PROBLEM DETAILS: When you copy the material below, keep every line exact and omit the pictures.

MATERIAL PROVIDED:
################

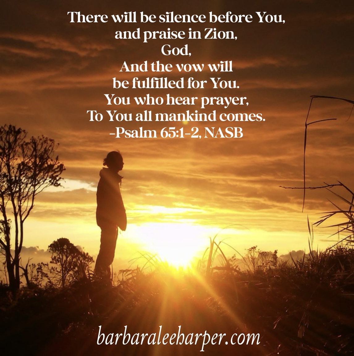 Psalm 65 starts with silence and ends with shouting and singing. Sometimes our silent worship and contemplation of God’s word and character will erupt into boisterous praise. Sometimes singing God’s songs with other believers will give us something to take home and think about in silence. Some days, and some seasons of life, lend themselves to silence, others to loud praise. Whether we come before the Lord in silence or with singing and shouting, we know He is with us and will hear us.
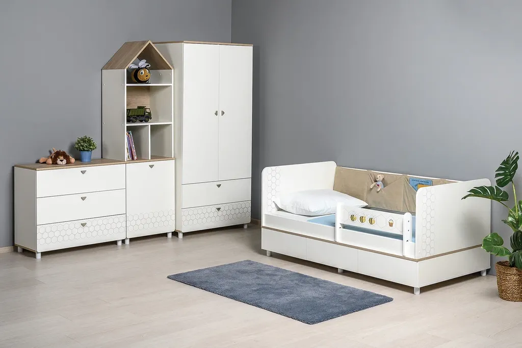Эйп - Современная и уютная мебель для детской комнаты. Скандинавские мотивы универсального цветового решения делают эту коллекцию подходящей и девочкам, и мальчикам. Все опоры - регулируемые, что позволяет легко компенсировать неровности пола. Кровать оснащена съёмным мягким элементом с карманами, передвижным бортиком и декорирована оригинальным рисунком - мультяшными пчёлками, которые никого не оставят равнодушным.
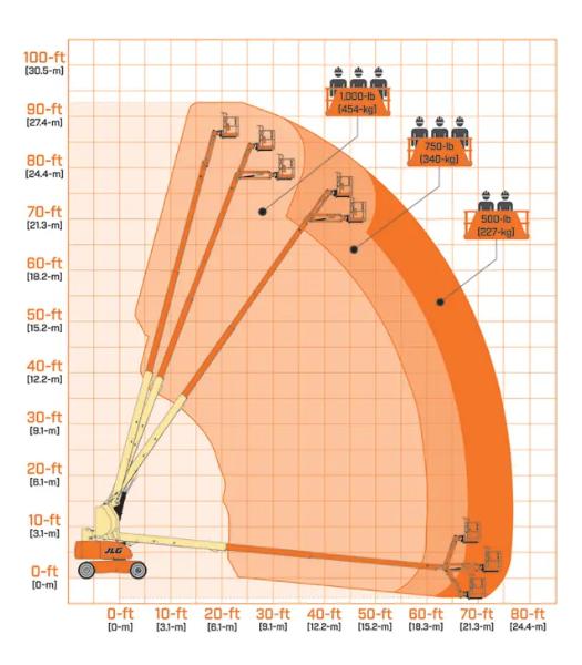 Liften har en plattformshöjd på 26,21 meter och en horisontell räckvidd på 22,78 meter. Plattformen mäter 2,44 x 0,91 meter och har tre kapacitetszoner: upp till 454 kg i den mest begränsade zonen, 340 kg i mellanzonen och 227 kg i hela arbetsområdet (obegränsad zon). Plattformen är även indelad i tre arbetszoner, vilket gör det möjligt för flera personer att arbeta samtidigt med verktyg och material.

################

RESPONSE AREA:
 Psalm 65 starts with silence and ends with shouting and singing. Sometimes our silent worship and contemplation of God’s word and character will erupt into boisterous praise. Sometimes singing God’s songs with other believers will give us something to take home and think about in silence. Some days, and some seasons of life, lend themselves to silence, others to loud praise. Whether we come before the Lord in silence or with singing and shouting, we know He is with us and will hear us.
Эйп - Современная и уютная мебель для детской комнаты. Скандинавские мотивы универсального цветового решения делают эту коллекцию подходящей и девочкам, и мальчикам. Все опоры - регулируемые, что позволяет легко компенсировать неровности пола. Кровать оснащена съёмным мягким элементом с карманами, передвижным бортиком и декорирована оригинальным рисунком - мультяшными пчёлками, которые никого не оставят равнодушным.
 Liften har en plattformshöjd på 26,21 meter och en horisontell räckvidd på 22,78 meter. Plattformen mäter 2,44 x 0,91 meter och har tre kapacitetszoner: upp till 454 kg i den mest begränsade zonen, 340 kg i mellanzonen och 227 kg i hela arbetsområdet (obegränsad zon). Plattformen är även indelad i tre arbetszoner, vilket gör det möjligt för flera personer att arbeta samtidigt med verktyg och material.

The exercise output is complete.